Contactless transit payment technology is also coming to the smallest cities and rural areas.

San Diego-based Cubic Transportation Systems, which supports hundreds of contactless payment fare systems globally, on Tuesday announced a new contactless-enabled handheld transit payment-collection device designed for smaller or rural transit systems, paratransit and on-demand transit services.

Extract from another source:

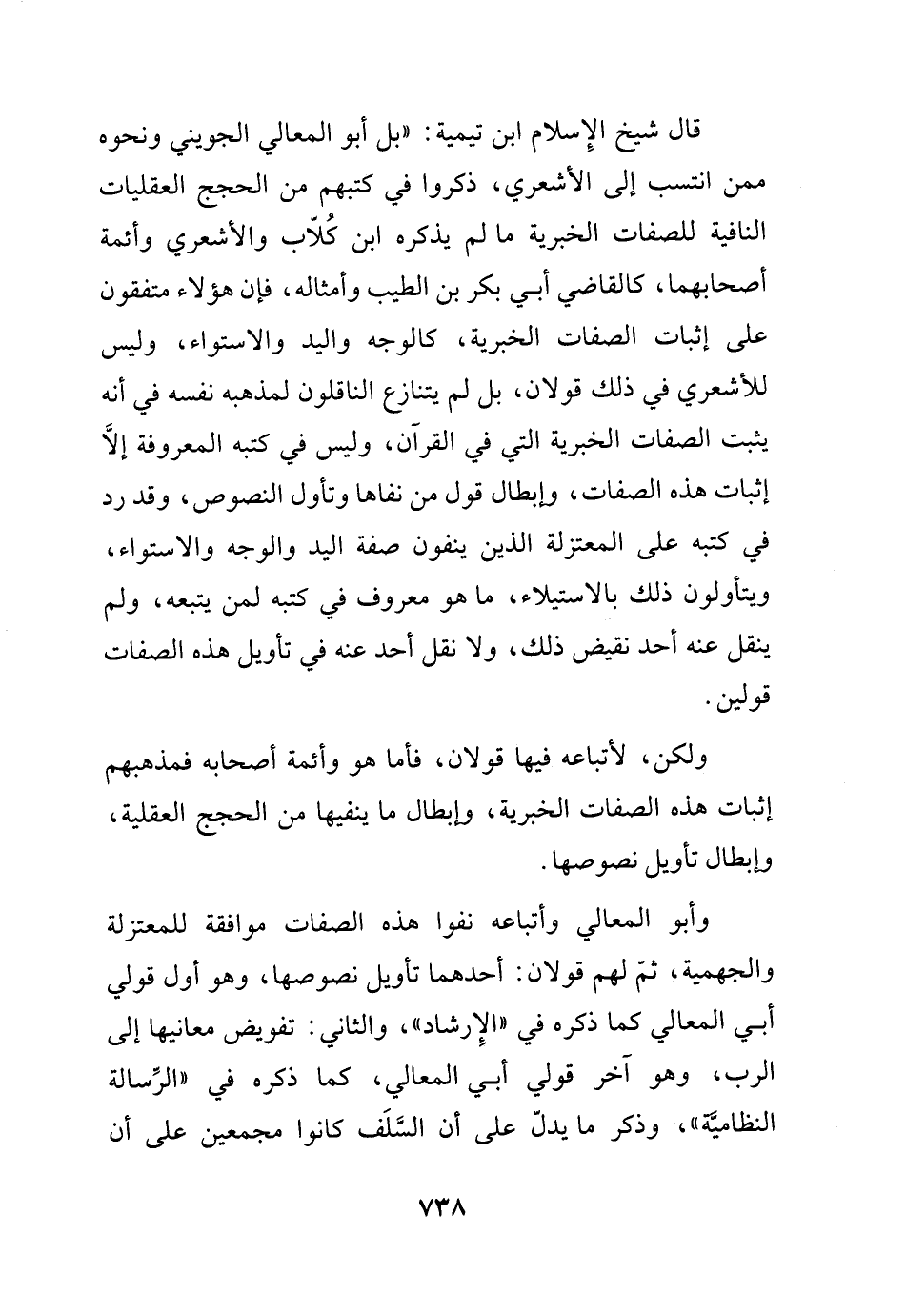 وقال شيخ الإسلام ابن تيمية: (بل أبو المعالي الجويني ونحوه ممن انتسب إلى الأشعري، ذكروا في كتبهم من الحجج العقليات النافية للصفات الخبرية ما لم يذكره ابن كلاب والأشعري وأئمة أصحابهما، كالقاضي أبي بكر بن الطيب وأمثاله، فإن هؤلاء متفقون على إثبات الصفات الخبرية، كالوجه واليد والاستواء، وليس للأشعري في ذلك قولان، بل لم يتنازع الناقلون لمذهبه نفسه في أنه يثبت الصفات الخبرية التي في القرآن، وليس في كتبه المعروفة إلا إثبات هذه الصفات، وإبطال قول من نفاها وتأول النصوص، وقد رد في كتبه على المعتزلة الذين ينفون صفة اليد والوجه والاستواء، ويتأولون ذلك بالاستيلاء، ما هو معروف في كتبه لمن يتبعه، ولم ينقل عنه أحد نقيض ذلك، ولا نقل أحد عنه في تأويل هذه الصفات قولين.

The Umo Handheld Reader, which works with Cubic's proprietary Umo fare-collection platform, enables public transit drivers or other transit personnel to collect fares when riders tap using the Umo mobile app, a contactless fare card or a special token, a Cubic spokesperson said.

A key advantage of the handheld unit, based on a Samsung Galaxy mobile device, is its relatively low cost, enabling transit agencies to collect fares electronically without installing hardware in vehicles, according to Cubic.

"We expect to see demand from all [sizes] of transit agencies, but initially the focus is for on-demand transit, paratransit services and special events," the spokesperson said. 

Overall, modernizing fare-collection technology improves the rider experience, and will gradually help public transit expand usage to wider audiences, according to Discover's Foshee. 

In Discover's survey of transportation agency professionals, 45% said they wanted to upgrade fare-collection technology to improve the experience for riders, and 12% said modernizing their payment systems could expand service to unbanked and reduced-fare riders. Another 12% said new payments technology could help transit systems integrate payment systems with other transit or public-service agencies, and 10% said they hoped to lower operating costs and decrease risks associated with handling cash.

"Open-loop payment systems and contactless approaches that let riders pay as they go has the biggest potential to expand overall transit ridership, because it's the most convenient for commuters and also for students, visitors and people on a budget who don't want to tie up a bunch of their money on a fare card," Foshee said.

Despite the convenience credit and debit card-based open-loop transit payment systems provide for users, some observers are doubtful whether the majority of bus and train riders worldwide will be using open-loop systems in the foreseeable future.

"Due to a variety of pricing-model factors, broad adoption of open-loop fare systems will be at bay for another decade or so," said Peter Quadagno, a longtime mass transit payments consultant and CEO and co-founder of Vality Corp., based in West Chester, Pennsylvania.

Open-loop transit payments systems will likely evolve gradually and in partial areas of large and small cities in coming years, he said.

Small cities are actually returning to pre-pandemic public-transit ridership faster than other urban areas, according to the Washington, D.C.-based American Public Transportation Association. As of September 2023, the smallest U.S. cities had recovered to 86% of 2019 transit ridership levels, while large cities hovered at about 79% of pre-pandemic levels, the organization said.